Therapeutic Potential of Targeting Ferroptosis in Periprosthetic Osteolysis Induced by Ultra-High-Molecular-Weight Polyethylene Wear Debris

Abstract

Background/Objectives: Periprosthetic osteolysis is the primary cause of arthroplasty failure in the majority of patients. Mechanistically, wear debris released from the articulating surfaces of a prosthesis initiates local inflammation and several modes of regulated cell death programs, such as ferroptosis, which represents a promising therapeutic target in various chronic inflammatory diseases. Thus, the current study aimed at exploring the therapeutic potential of targeting ferroptosis in a polyethylene-wear-debris-induced osteolysis model. Methods: Inverted cell culture model was used for stimulating the cells with wear debris in vitro, and calvarial osteolysis model was used for evaluating the therapeutic effects of inhibitors in vivo. Results: The immunostaining of periprosthetic bone tissues demonstrated a number of osteocytes expressing ferroptosis markers. Likewise, the expressions of ferroptosis markers were confirmed in polyethylene-wear-debris-stimulated osteocyte-like cells and primary osteoblasts in a direct stimulation model but not in an indirect stimulation model. Furthermore, polyethylene wear debris was implanted onto calvarial bone and mice were treated with the ferroptosis inhibitors DFO and Fer-1. These treatments alleviated the inflammatory and pathological bone resorption induced by the wear debris implantation. Conclusions: Our data broaden the knowledge of the pathogenesis of periprosthetic osteolysis and highlight ferroptosis as a promising therapeutic target.
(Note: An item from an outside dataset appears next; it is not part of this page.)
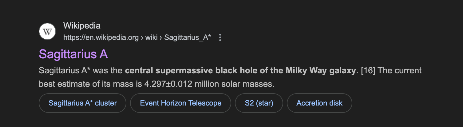 I wanted to read about Sagittarius A*, so I looked it up on Google. This is what I saw:

Keywords: ferroptosis inhibitors; periprosthetic osteolysis; therapeutics; wear debris.

Figure 1

Detection of GPX4- and NRF2-positive osteocytes in periprosthetic bone tissues. IHC staining of the bone tissues from patients who underwent revision surgery with specific antibodies. Arrows indicate positive reactions. Scale bars are 50 µm.

Figure 2

Expressions of ferroptosis markers in UHMWPE-wear-debris-simulated osteocytes and osteoblasts. Gene expressions of Gpx4, Chac1, and Nfe2l2. (A,B) Relative gene expressions of stimulated MLO-Y4-like osteocytes (A) and osteoblasts (B) in the direct stimulation model with UHMWPE debris. (C,D) Relative gene expressions of stimulated MLO-Y4-like osteocytes (C) and osteoblasts (D) in an indirect stimulation model using the UHMWPE-debris-stimulated macrophages. The results represent the means of 6 samples ± SEM. The significant difference between the two groups was determined by a two-tailed Student’s t-test. (E,F) Protein expression analysis of NRF2 and GPX4 in the stimulated MLO-Y4-like osteocytes. (E) Direct stimulation model. (F) Indirect stimulation model. * = p < 0.05; ** = p < 0.01; *** = p < 0.001; ns = not significant.

Figure 3

Evaluation of the beneficial effects of targeting ferroptosis in the inflammatory osteolysis model. The sham mice did not receive the debris implantation, while all the other groups received it. (A) Quantification of the bone resorption area in the calvarial bone tissues analyzed by micro-CT. The right panels are representative images for the micro-CT. (B) Quantification of the TRAP-stained areas in the calvarial bone sections. The right panels are representative images for the TRAP-stained sections. (C) Quantification of inflammatory infiltrates in the calvarial bone sections. The right panels are representative images for the HE-stained sections. The results represent the means ± SEM of 6 mice. Scale bars are 50 µm. The significant difference between the two groups was determined by one-way ANOVA, followed by Tukey’s multiple-comparison procedure. * = p < 0.05; ** = p < 0.01; *** = p < 0.001; **** = p < 0.0001.